ZARECHNY, Kazakhstan -- Kazakh opposition activist Aset Abishev, who was jailed for supporting the activities of the banned Democratic Choice of Kazakhstan (DVK) movement, has been released from a penal colony after serving more than 2 1/2 years in prison.
Abishev said after leaving the correctional colony in the town of Zarechny in the southern Almaty region on July 30 that he was in a hurry to attend the burial of outspoken opposition figure and noted theater director Bolat Atabaev, who died a day earlier.
Abishev was released more than two weeks after the Qapshaghai City Court for the Almaty region unexpectedly supported, without explanation, his early release application after rejecting several previous requests.

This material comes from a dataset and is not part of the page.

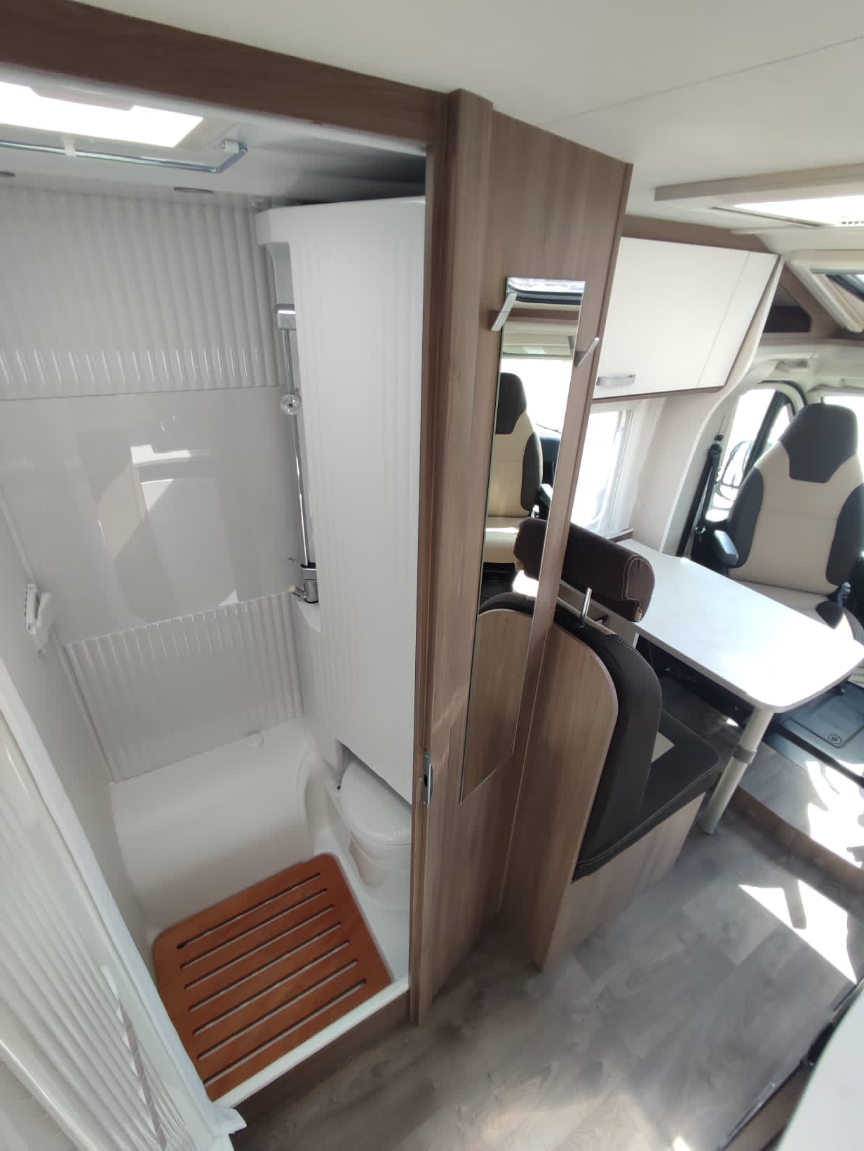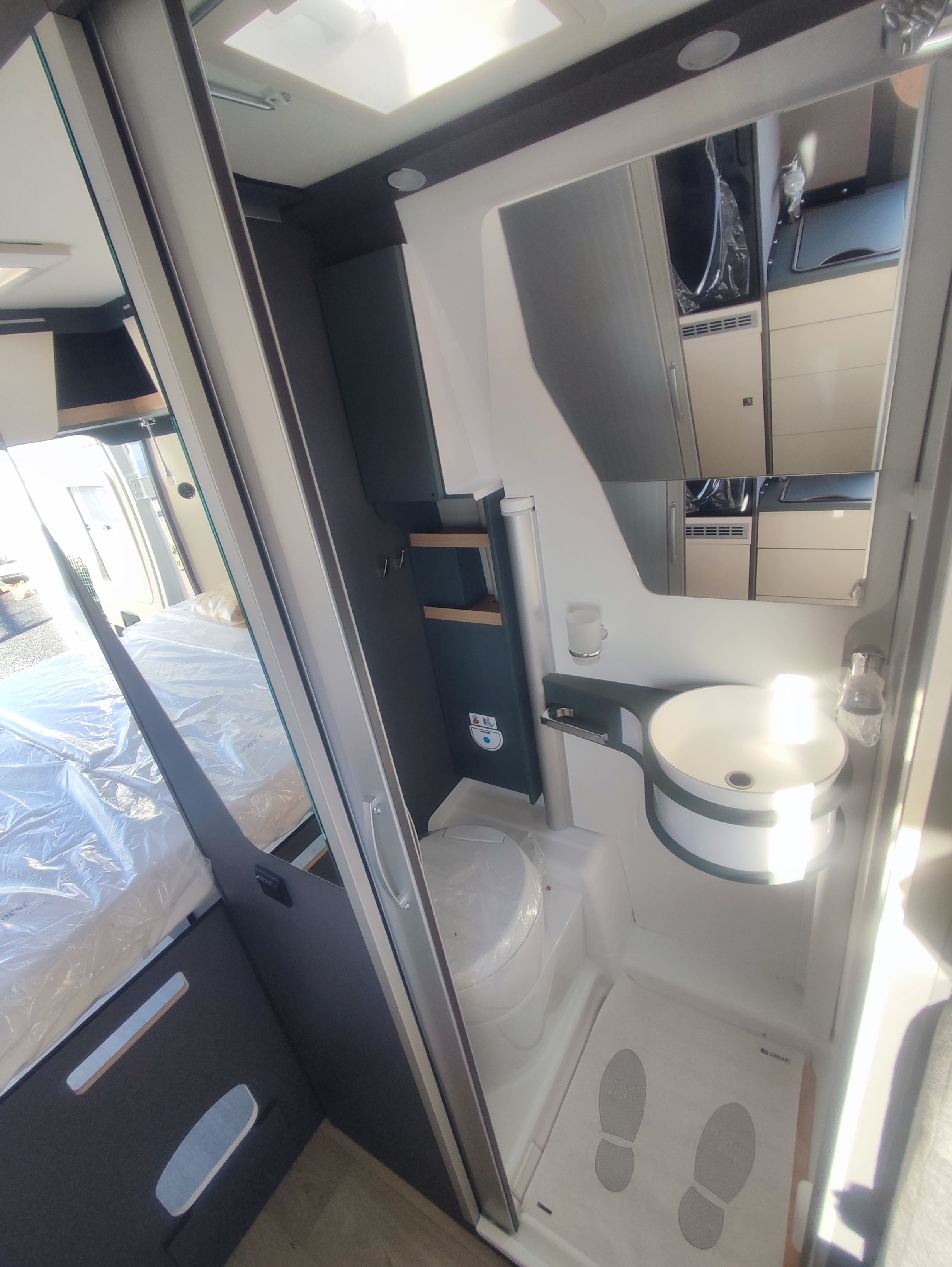 Option incluses : Boite automatique 8 rapports, Précablage caméra de recul, Pack pro+, Ambiance sellerie ICE, Climatisation cabine, , Rallonge pivotante de table, Large marche pied électrique, Equipement de douche Lanterneau panoramique ouvrant , Porte moustiquaire, soute double accès, couleur extérieur blanc glacier + Peinture cabine gris métalisé.

Abishev was sentenced to four years in prison in November 2018 after a court in Almaty found him guilty of participating in the activities of a banned organization and financially supporting a criminal group.
Abishev has rejected the verdict, calling the case against him politically motivated and denying that the DVK movement or its founder -- fugitive former banker and a vocal critic of Kazakhstan's government, Mukhtar Ablyazov -- were extremist.
Kazakhstan banned the DVK in March 2018 after deeming it an extremist organization.
Kazakh human rights organizations had recognized Abishev as a political prisoner and had demanded his release.
In June 2020, Abishev's name was included in a letter from a group of U.S. senators, in which they urged authorities in Kazakhstan and other Central Asian nations to release "unjustly detained prisoners at high risk of COVID-19."